No line before the one holding "SUV crashes into" is wanted; restate word for word that line and all lines after it to the end of the entries, excluding pictures.

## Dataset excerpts

◇ ◇ ◇ ◇ ◇ ◇ ◇

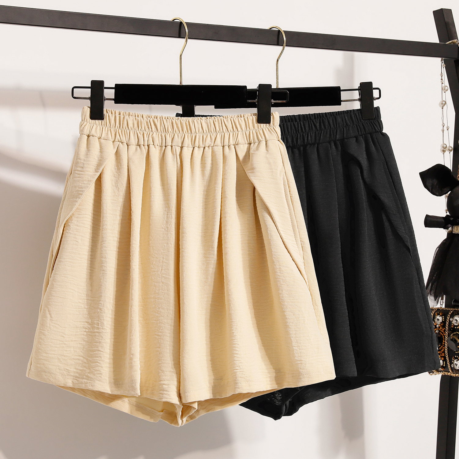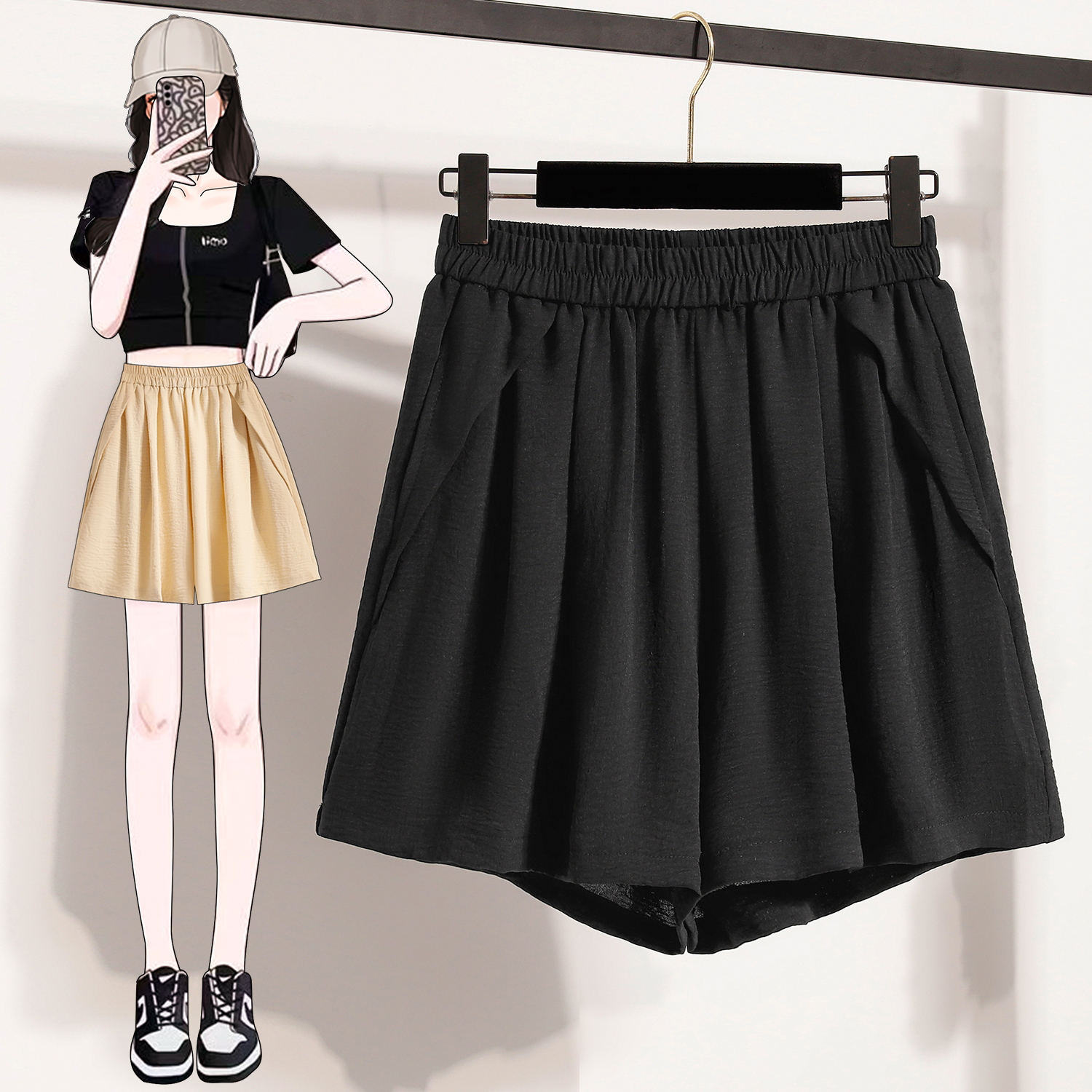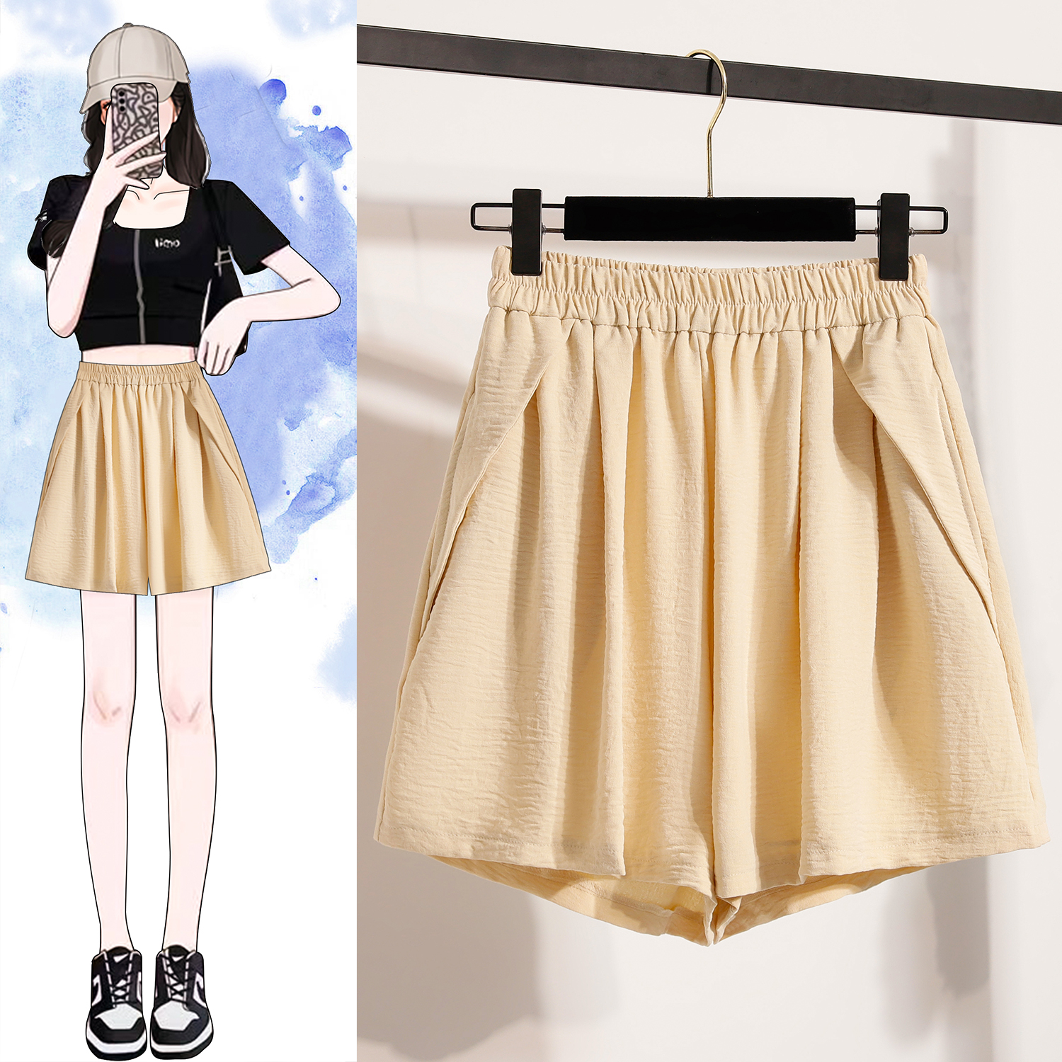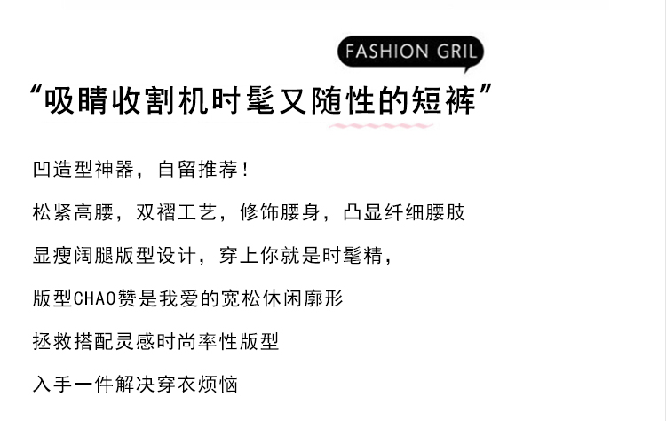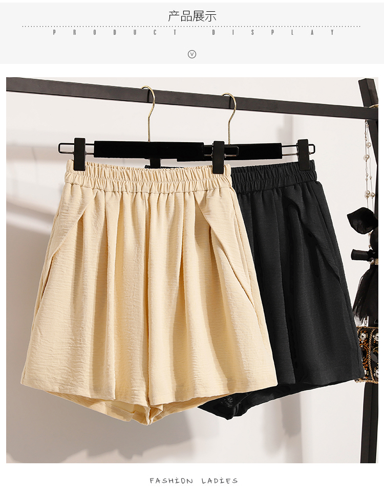 RY4038# 女夏季休闲宽松肌理感高腰显瘦冰丝透气a字阔腿短裤
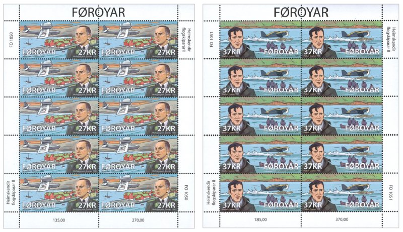 Faroe Islands Denmark 2026 Famous Pilots Airplanes Set of 2 stamps MNH
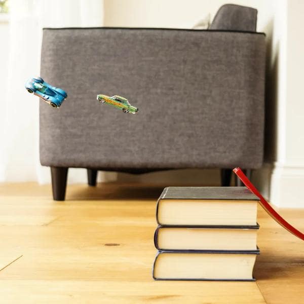 Kasutage oma olemasolevaid mänguautosid, kinnitage see lihtsalt akna või ukse külge, veeretage välja ja alustage võidusõitu – jõuallikaks on ainult gravitatsioon, ilma patareide või kulukate lisaseadmete vajaduseta.
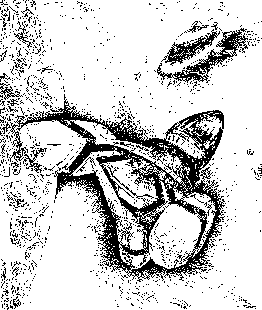 Женщины гибли одна за другой, но к ним подоспели женщины других деревень, прослышавшие об угрозе их благополучию. Они сражались за свои дома и права с женским неистовством, превосходившим самую сильную ярость мужчин. Предмет метал огонь по всей скале, но это только помогало выбивать камни, которые дождем сыпались вниз. Наконец, из нижнего конца предмета вырвалось пламя, он поднялся в воздух. И во время — начался оползень. Предмет поднимался все выше, пока не превратился в точку на фоне большого солнца, а затем исчез.
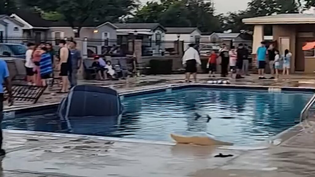 SUV crashes into Houston pool; one detained in investigation
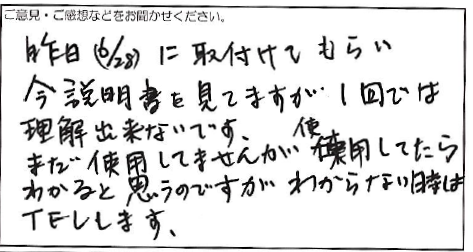 2023.08.09 お客様の声 神戸市 非公開様 昨日(6/28)に取付けてもらい 今説明書を見てますが1回では 理解出来ないです。 まだ使用してませんが使用してたら わかると思うのですがわからない時は TELします。 お客様へ この度は弊社にご依頼いただき、誠にありがとうございます。 商品に関するご質問がありましたら、 いつでもお気軽にお問い合わせくださいませ。

◇ ◇ ◇ ◇ ◇ ◇ ◇

## Completed exercise
 SUV crashes into Houston pool; one detained in investigation
 2023.08.09 お客様の声 神戸市 非公開様 昨日(6/28)に取付けてもらい 今説明書を見てますが1回では 理解出来ないです。 まだ使用してませんが使用してたら わかると思うのですがわからない時は TELします。 お客様へ この度は弊社にご依頼いただき、誠にありがとうございます。 商品に関するご質問がありましたら、 いつでもお気軽にお問い合わせくださいませ。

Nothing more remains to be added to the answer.